Text and data mining

What is text and data mining (TDM)?

Data mining is the process of using computational methods to retrieve and analyse large sets of data for the purposes of identifying patterns, trends and relationships.

Text mining, also referred to as text analysis, is a kind of data mining that uses computational methods to search for, extract and analyse text data. The purpose of text mining is to identify patterns, trends, or connections in textual material. Text and data mining (TDM) are often referred to together.

Use this guide to find resources and tools for TDM. See the Data visualisation guide for information about visually presenting your data.
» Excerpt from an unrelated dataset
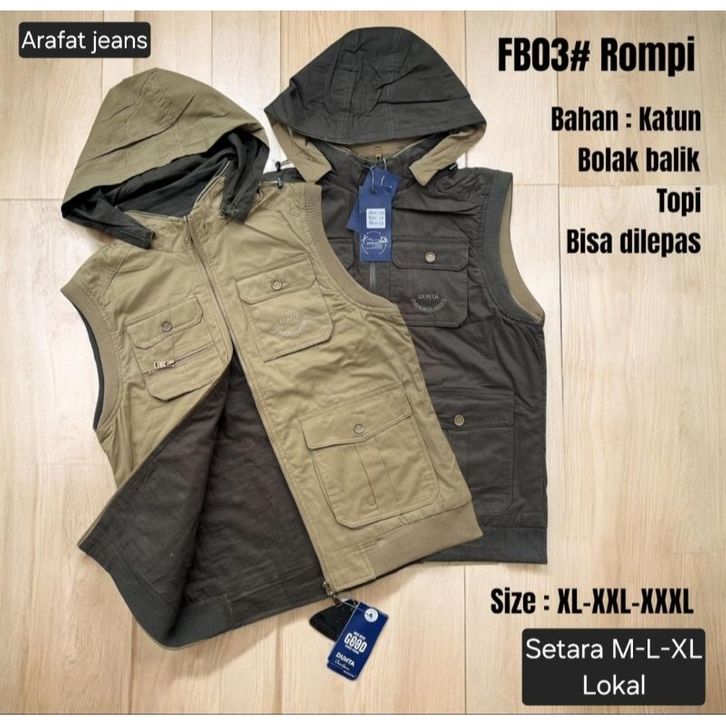 Promo Rompi Pria Rompi jeep dht Topi Bolak Balik import /Rompi kupluk pria cargo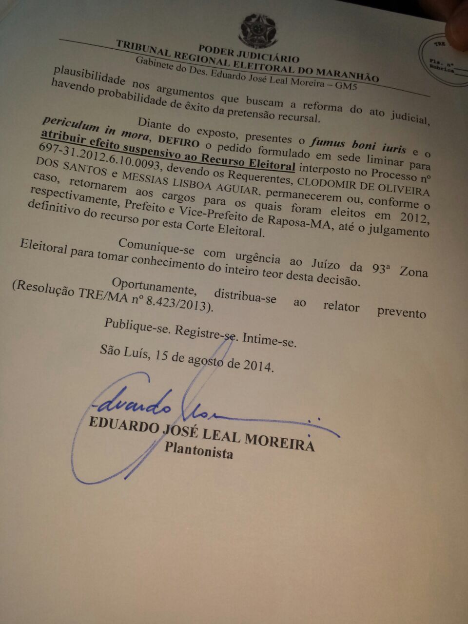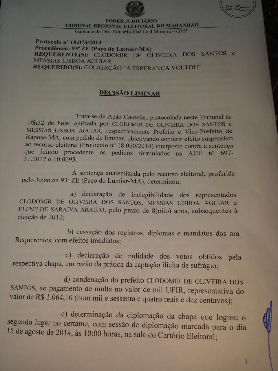 Na tarde desta sexta-feira (15), o prefeito da Raposa, Clodmir de Oliveira (PRTB), que estava afastado do cargo desde a última quarta-feira (13), conseguiu com o desembargador Eduardo Jose Leal Moreira, uma liminar que o garante retornar ao cargo de prefeito.

Watch How does Text Mining Work? (YouTube video) to see how text mining can be used in research.

Examples of TDM

Explore these examples of TDM in research:

Issues to consider

Copyright

There is no specific exception in the Copyright Act for text or data mining. Copying or reformatting material without permission may therefore infringe copyright. See Australian Government: Text and data mining for more information on current law.

Licencing

Licencing conditions specific to data and text mining vary from publisher to publisher. Downloading or scraping large amounts of data from a database may be prohibited. Ensure you understand any issues around copyright and licencing conditions for the content you wish to use before proceeding.

Ethics

Ensure you have considered any ethical issues that might arise from your use of the content, particularly when working with sensitive information. The Association of Internet Researchers has established Ethical Guidelines for Internet Research to assist researchers to make ethical decisions. You can also refer to our Ethics and consent page for more information.

Research data management

Text and data mining may involve working with and storing large data sets. To help ensure your data is stored securely, refer to the Research data management toolkit.

Find content

Text and data mining may involve the extraction and analysis of text or data from a range of sources including licenced library databases, open-source data, and researcher generated data.

Library/subscription

The following are some of our library resources that allow text and data mining by authorised users. Permission may be required.

Source Description
Austlit (Australian Literature Gateway) Database of Australian literature and criticism. Authorised users may engage in text mining/data mining activities for academic research and other educational purposes. Contact your librarian team for further information on access.
Brill Brill’s publications focus on the humanities and social sciences, international law and selected areas in the sciences. Contact your librarian team for further information on access.
Cambridge Core Multidisciplinary collection. Authorised users may download, extract, store and index the products for the purposes of TDM for non-commercial research purposes. Refer to Cambridge text and data mining for more information.
JSTOR Academic journals, books and primary sources in the arts and humanities. JSTOR Constellate offers text mining and visualisation of JSTOR content, an analytics lab, and text analysis tutorials. Available via JSTOR > Tools > Constellate. Requests for more complex data mining research projects may be subject to more terms of use. See JSTOR text mining support for more information.
Wiley Online Library Multidisciplinary collection. ACU researchers can perform text and data mining under license (or in accordance with statutory rights under applicable legislation) on subscribed content for non-commercial purposes at no extra cost. See Wiley text and data mining for more information.

 

Open access sources

 

Open access sources range from publicly available Twitter feeds to historic manuscripts in the public domain. An Application Programming Interface (API) may be available to capture the text or data in machine-readable form.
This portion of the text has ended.